The Musings Of An Opinionated Sod [Help Me Grow!]


Martin Scorsese Explains Why Holding Companies Can Be Bad For Creativity …

This post kind of carries on from two I have previously written.

1. The benefit of independence.

2. You can tell a company by how many slices of pizza they want to eat.

I should point out I’ve worked for holding companies in the past.

I may well work for one in the future …

And while my experience with them has been generally good, my experience at independent companies was better.

More emphasis on the work.
More emphasis on the culture of work.
Less fear that you are going to be fired to hit a shareholder dividend.

Now this doesn’t mean holding company agencies can’t make great work or be great places to work.

There’s some amazing examples around the World of just that.

Agencies that I genuinely regard as some of the best in the business.

Standing shoulder to shoulder with the usual suspects [read: Wieden] with a history that is equally as long.

If not longer.

But it’s fair to say, they tend to be the exception rather than the rule … often used as the shiny ‘jewel in the network’ crown to attract big business, rather than a role-model for how the rest of the network should behave.

Again, being part of a network does not immediately mean it’s bad.

There’s a hell of a lot of brilliant people I know who are working in them for a start, which means they have a level of talent in the organisation that would be the envy of any agency.

Plus there’s a whole host of different types of network, so to tar them all with the same brush would be wrong.

But the reality is there’s some who just don’t give a fuck about the industry they’re in.

Of course, they will never admit that, but for all their claims about caring about creativity, they care far more about profit.

I get it.

Money is important.

It keeps tens of thousands of people employed.

But the reality is if they could make more money selling carpet cleaner, they would.

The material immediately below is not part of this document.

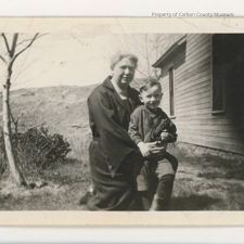 Update 2/2010: Black and white print. Snapshot. Image of a woman and a small boy posed in the yard of a frame house, vegetation and hill in background. Woman is wearing a dark dress and is down on one knee behind boy. Her hair is pinned up and she is wearing glasses. Boy is dressed in dark sailor suit.
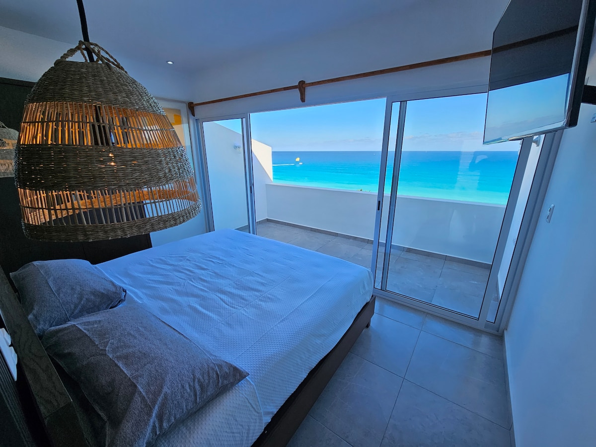 Relax in this apartment in Cancunâs Hotel Zone, just a 5-minute walk to the beach and steps from the bus stop. This space offers everything you need: â Fully equipped kitchen â Air conditioning in every room â Private bathroom with fresh towels and essentials â King-size bed + sofa bed (sleeps 4) Head up to the rooftop to enjoy incredible sunsets over the lagoon â a true hidden gem! Ideal for couples or anyone looking to enjoy the best of Cancun with comfort and convenience.

Which explains why they sold the value of creativity down the river in favour of process, scale, convenience and whatever buzz-term is fashionable with the big corporations they covet at any given time.

And this is where the title of this post comes in.

Recently Martin Scorsese was asked about his film making.

Change the word ‘films’ for ‘advertising’ and you have a pretty good overview of how a lot of modern adland operates.

You can make great work.

But it’s way, way harder than it should be.

Because too often, the focus isn’t on the quality of creativity, but the quantity of cash.